Mc Luhan divide la storia in tre periodi principali: quello orale, quello della scrittura e della stampa e quello elettronico. In ogni periodo c’è una specifica interazione dei sensi e quindi di particolari forme di pensiero e di comunicazione.
Secondo Mc Luhan i media elettronici sono come dei prolungamenti del nostro sistema nervoso che circondano il pianeta. I sensori elettronici ci ripropongono su scala globale incontri simili a quelli che avvenivano nei villaggi molto vicini, diretti e veloci.

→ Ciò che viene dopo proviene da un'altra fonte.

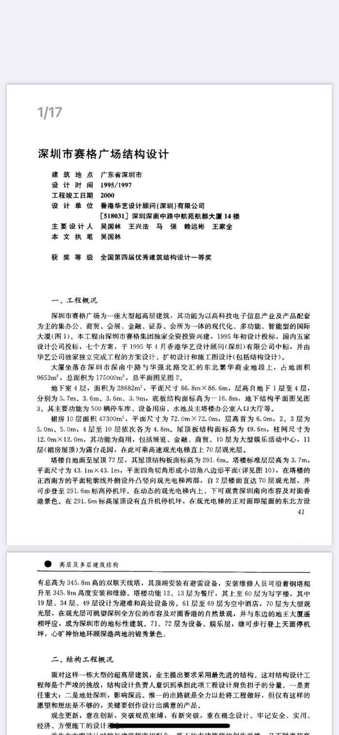 5月20日,赛格大厦此前的结构图也在网络上曝光,该结构图显示,赛格大厦的设计,是中国结构工程师第一次承担超高层钢混结构设计,而该设计还曾获得“全国第四届优秀建筑结构设计一等奖”。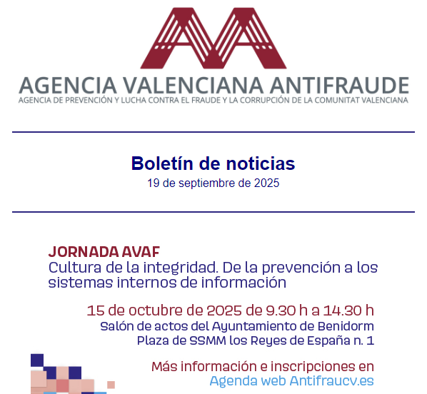 Newsletter de l’AVAF Tota l’actualitat de l’Agència Valenciana Antifrau, de manera senzilla cada quinze dies, en el teu correu electrònic. Subscriu-te! * campos obligatoris Correu electrònic * Nom Cognoms Últim Butlletí de notícies19 de setembre de 2025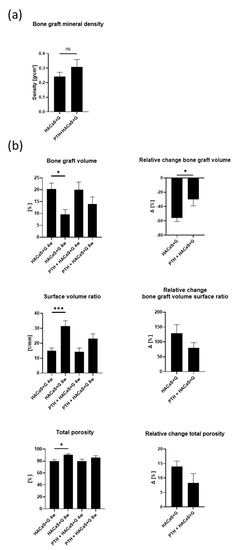 Analysis of bone graft substitute via µCT: (a) comparison of bone graft mineral density 8 weeks after insertion between HACaS+G and PTH+HACaS+G, and (b) comparison of 3D analysis of bone graft substitute 4 and 8 weeks after insertion. * = p < 0.05, *** = p < 0.001, ns = not significant.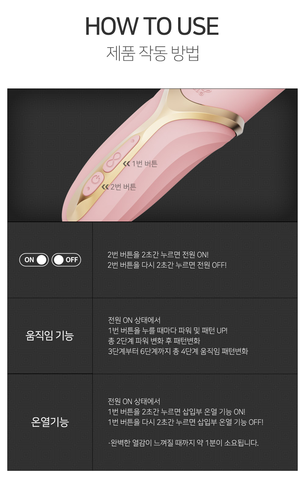 디자인이 예쁘고 온열모드, 진동 등 다양한 기능이 있어 좋습니다. 초보자가 쓰기에는 좀 두껍고, 3~6단계는 움직임이 너무 강해서 사용하기 어렵네요.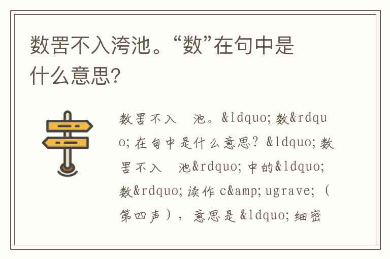 “数罟不入洿池”中的“数”读作 cù(第四声),意思是 “细密”,形容渔网的网眼致密 。这句话出自《孟子·梁惠王上》,是孟子向梁惠王阐述“王道之始”时提出的生态保护理念,完整表述为“不违农时,谷不可胜食也;数罟不入洿池,鱼鳖不可胜食也;斧斤以时入山林,材木不可胜用也” 。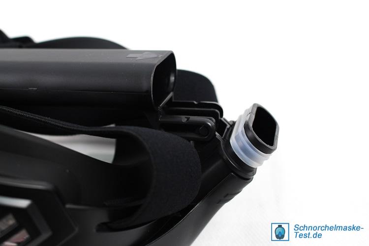 Verbunden ist der Schnorchel mit der Maske über einen Klapp-Mechanismus. Indem man diesen umlegt und den Schnorchel andrückt, erfolgt die Befestigung. Obwohl der Schnorchel nicht zusätzlich gesichert wird, hat er sich bei mir zu keiner Zeit gelöst.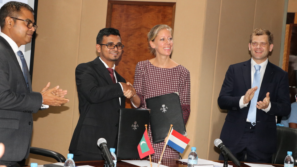 މި އެއްބަސްވުމުގައި ދިވެހި ސަރުކާރުގެ ފަރާތުން ސޮއިކުރެއްވީ މިނިސްޓަރ އޮފް ފިނޭންސް އެންޑް ޓްރެޜަރީ އަހުމަދު މުނައްވަރެވެ. ނެދަލޭންޑްސްގެ ސަރުކާރުން ސޮއިކުރެއްވީ ، ސްރީލަންކާގައި ހުންނަ ނެދަލެންޑް ގެ މިޝަންގެ ޑެޕިއުޓީ ހެޑް، މިސް. އީވާ ވެން ވޯސެމްއެވެ.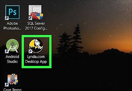 Open the Lynda app for Windows. It's the app that has a yellow image with a woman reading a book. Click here to download the Lynda app for Windows from the Microsoft Store.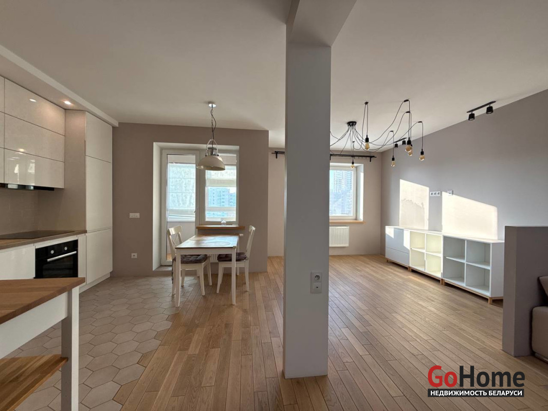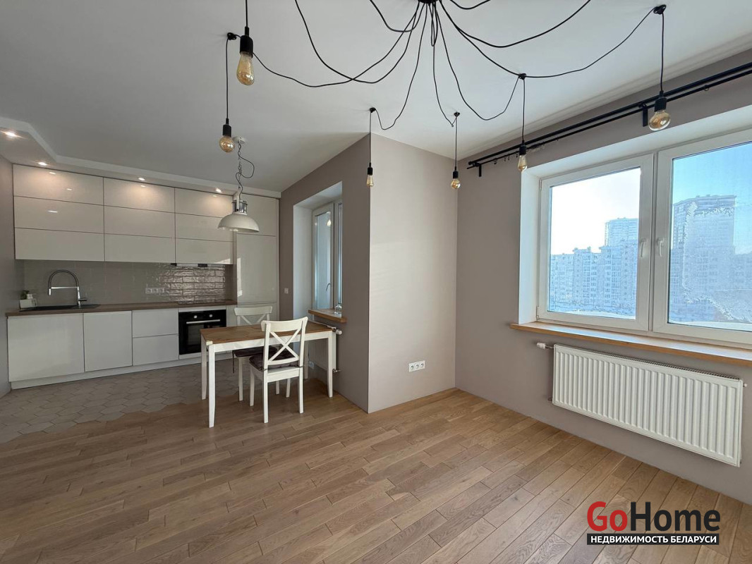 Напротив одного из самых красивых проспектов страны со всей инфраструктурой. В ближайшей доступности Минск Арена, ресторан Лебяжий, Астория, Дворец Художественной гимнастики, остановки общественного транспорта и многое другое.
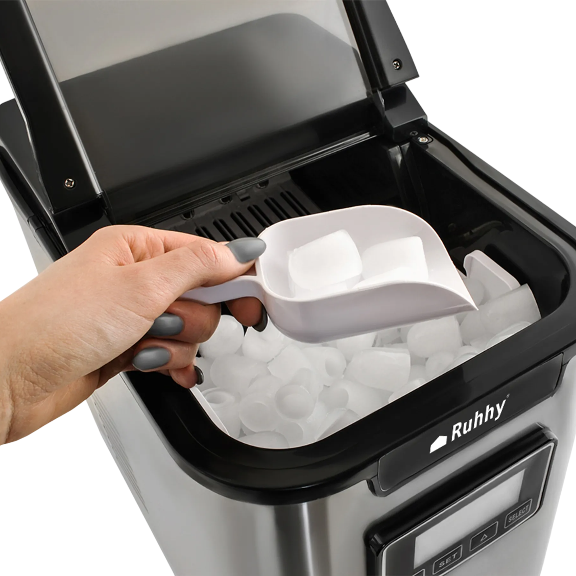 Създавайте до 12 килограма лед на ден и избирайте между малки, средни или големи кубчета – според настроението и случая. Всичко става бързо, лесно и без усилие – първата порция е готова за броени минути. С интелигентния LCD дисплей и интуитивно управление вие имате пълен контрол, а нежните звукови сигнали ви напомнят, когато е време да се насладите на нова доза ледена свежест.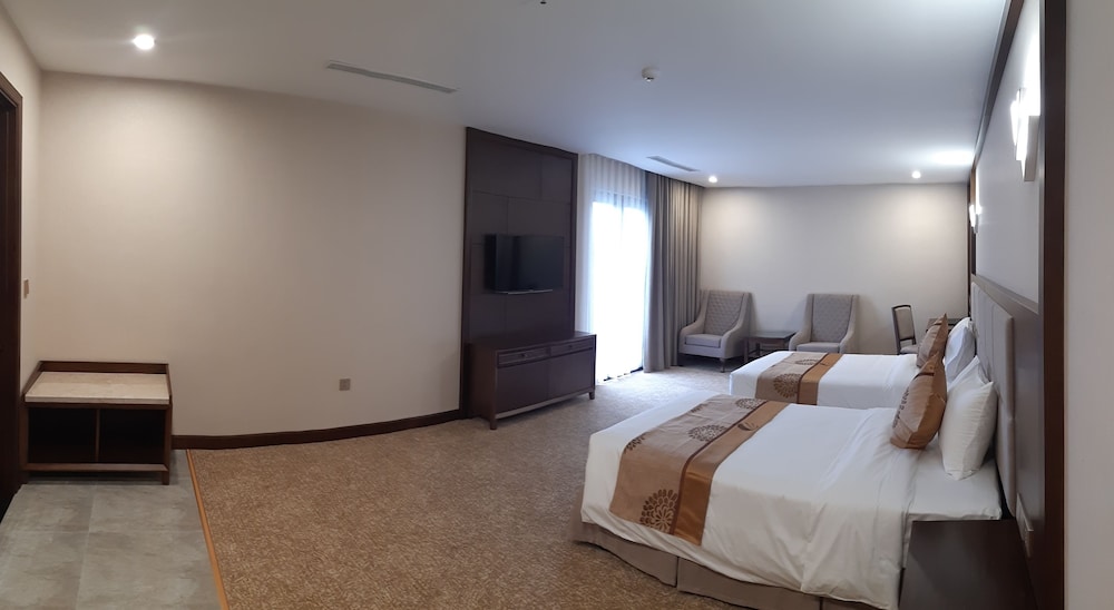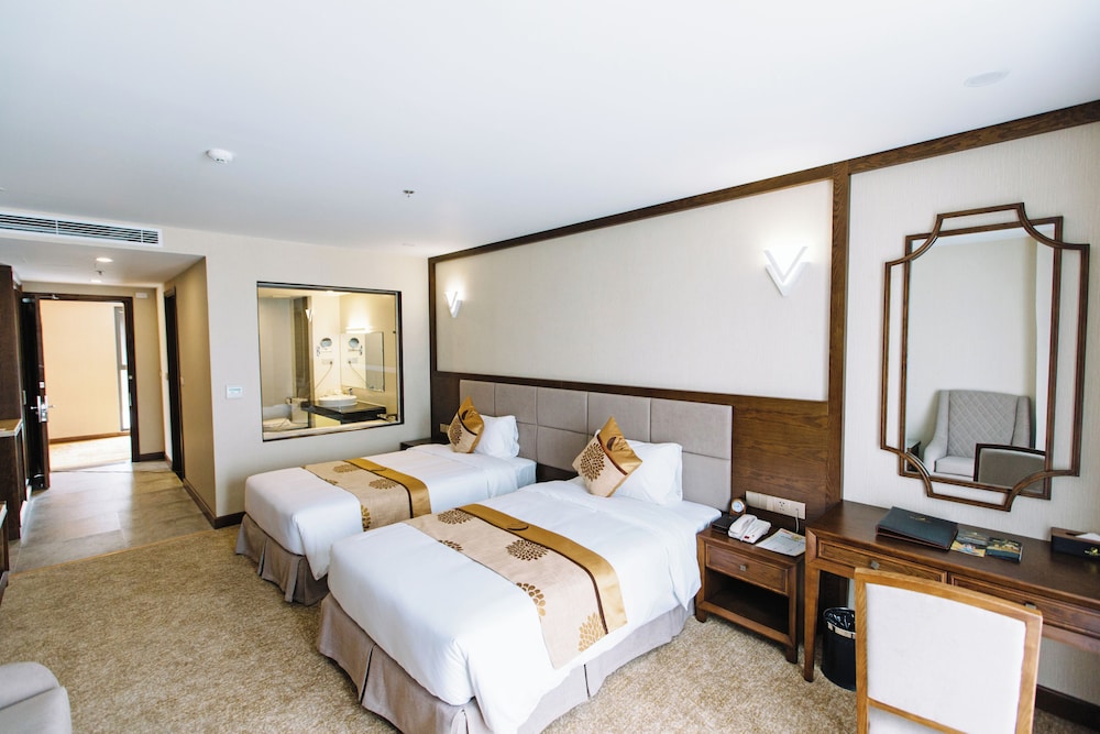 Duc Huy Grand Hotel & Spa ligger med forbindelse til konferencecenteret i Lao Cai, kun 4 minutters kørsel fra Lào Cai By Plads og 6 minutters kørsel fra Den Mau-templet. Dette hotel ligger 34,1 km fra Sapa-søen og 6,6 km fra Hekou Toldsted. Føl dig hjemme i et af de 87 aircondition-afkølede værelser, der indeholder minibar og LED-tv. Værelserne har privat balkon. Med gratis Wi-Fi kan du altid komme på nettet, og kabelkanaler sørger for underholdningen. Badeværelserne har separat badekar og bruser med dybe badekar og brusehoved med spredningseffekt. De viste afstande er afrundet til nærmeste 0,1 kilometer.

Mc Luhan e il suo stile singolare lo resero un personaggio familiare in America, tanto che nel 1967 la NBC lo presentò in un programma televisivo e negli anni successivi fu definito l’ORACOLO DELL’ERA ELETTRONICA grazie ai suoi slogan e alla sua terminologia: IL MEZZO è MESSAGGIO, VILLAGGIO GLOBALE, media caldi e media freddi con grande influenza nella cultura degli anni 80.
Questa situazione sociale può essere considerata un SISTEMA INFORMATIVO ossia un determinato modello di accesso alle informazioni sociali e culturali, ma anche modello di comportamento delle persone e quindi STRUMENTO DI CONOSCENZA.
Oggi nella nostra comunicazione sociale e quotidiana ci troviamo in un contesto dove è cambiato il senso del luogo.
Il termine senso si riferisce sia alla percezione, alla logica delle cose, della realtà ma anche al luogo come posizione sociale e collocazione fisica, geografica dell’uomo.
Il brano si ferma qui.